** The task **
What is needed is a word-for-word copy of the lines below from the one with "微型摄影 工人用梯子在巨大的黄瓜上工作" through the one with "愿いもこえていく | |", both included, with every picture left out.

** Extracted records follows **

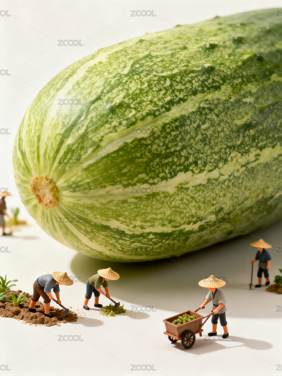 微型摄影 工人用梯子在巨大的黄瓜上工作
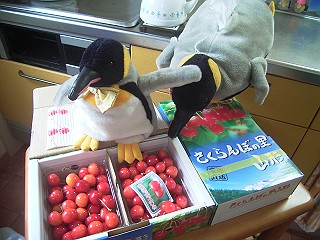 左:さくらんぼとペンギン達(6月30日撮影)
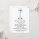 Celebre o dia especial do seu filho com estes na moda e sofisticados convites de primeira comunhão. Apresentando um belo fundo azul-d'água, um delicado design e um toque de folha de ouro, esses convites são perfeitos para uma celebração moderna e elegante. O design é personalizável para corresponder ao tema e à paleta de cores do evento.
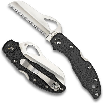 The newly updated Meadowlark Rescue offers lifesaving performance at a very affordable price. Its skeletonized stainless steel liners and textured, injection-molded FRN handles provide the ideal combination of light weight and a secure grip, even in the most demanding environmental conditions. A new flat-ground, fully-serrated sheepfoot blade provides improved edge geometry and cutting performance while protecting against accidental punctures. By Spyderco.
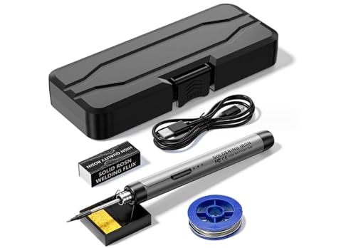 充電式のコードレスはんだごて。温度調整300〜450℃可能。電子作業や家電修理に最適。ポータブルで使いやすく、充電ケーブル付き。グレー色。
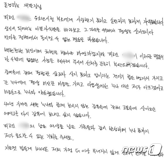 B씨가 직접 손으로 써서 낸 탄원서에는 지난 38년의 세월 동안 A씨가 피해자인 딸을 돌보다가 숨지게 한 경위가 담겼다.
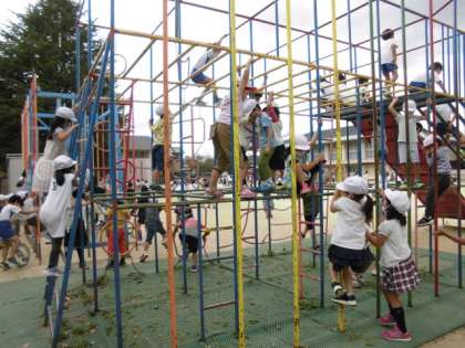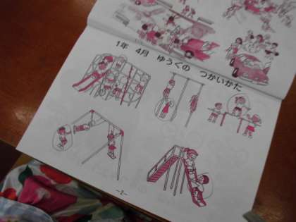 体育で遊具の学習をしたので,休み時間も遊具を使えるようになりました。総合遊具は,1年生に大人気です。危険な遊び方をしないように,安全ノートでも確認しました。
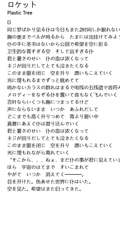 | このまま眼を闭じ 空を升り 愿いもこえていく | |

** End of Extracted records **
** Extracted records follows **

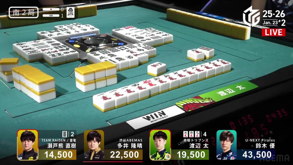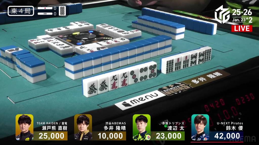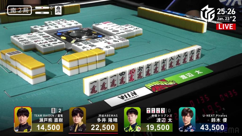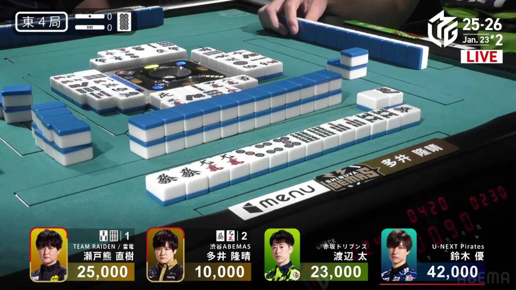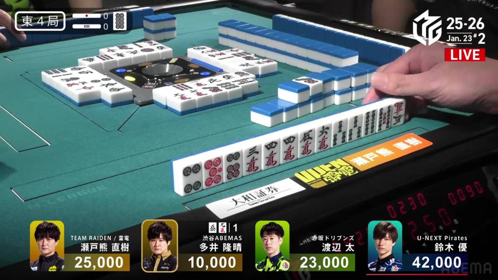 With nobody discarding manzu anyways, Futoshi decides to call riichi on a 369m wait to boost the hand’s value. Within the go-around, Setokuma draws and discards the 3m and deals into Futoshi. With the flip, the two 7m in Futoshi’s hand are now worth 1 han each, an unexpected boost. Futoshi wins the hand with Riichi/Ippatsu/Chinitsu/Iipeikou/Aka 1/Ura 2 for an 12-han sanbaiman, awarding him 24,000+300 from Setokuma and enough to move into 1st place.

** End of Extracted records **
** Extracted records follows **

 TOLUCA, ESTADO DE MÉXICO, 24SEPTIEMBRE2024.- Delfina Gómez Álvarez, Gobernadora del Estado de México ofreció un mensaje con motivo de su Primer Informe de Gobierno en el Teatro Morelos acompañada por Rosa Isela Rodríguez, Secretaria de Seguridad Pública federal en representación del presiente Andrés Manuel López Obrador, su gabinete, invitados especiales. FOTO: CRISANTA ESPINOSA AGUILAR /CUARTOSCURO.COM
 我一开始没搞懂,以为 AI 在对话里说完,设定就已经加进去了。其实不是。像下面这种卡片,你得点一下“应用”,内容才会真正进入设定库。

** End of Extracted records **

** Problem solution **
 微型摄影 工人用梯子在巨大的黄瓜上工作
 左:さくらんぼとペンギン達(6月30日撮影)
 Celebre o dia especial do seu filho com estes na moda e sofisticados convites de primeira comunhão. Apresentando um belo fundo azul-d'água, um delicado design e um toque de folha de ouro, esses convites são perfeitos para uma celebração moderna e elegante. O design é personalizável para corresponder ao tema e à paleta de cores do evento.
 The newly updated Meadowlark Rescue offers lifesaving performance at a very affordable price. Its skeletonized stainless steel liners and textured, injection-molded FRN handles provide the ideal combination of light weight and a secure grip, even in the most demanding environmental conditions. A new flat-ground, fully-serrated sheepfoot blade provides improved edge geometry and cutting performance while protecting against accidental punctures. By Spyderco.
 充電式のコードレスはんだごて。温度調整300〜450℃可能。電子作業や家電修理に最適。ポータブルで使いやすく、充電ケーブル付き。グレー色。
 B씨가 직접 손으로 써서 낸 탄원서에는 지난 38년의 세월 동안 A씨가 피해자인 딸을 돌보다가 숨지게 한 경위가 담겼다.
 体育で遊具の学習をしたので,休み時間も遊具を使えるようになりました。総合遊具は,1年生に大人気です。危険な遊び方をしないように,安全ノートでも確認しました。
 | このまま眼を闭じ 空を升り 愿いもこえていく | |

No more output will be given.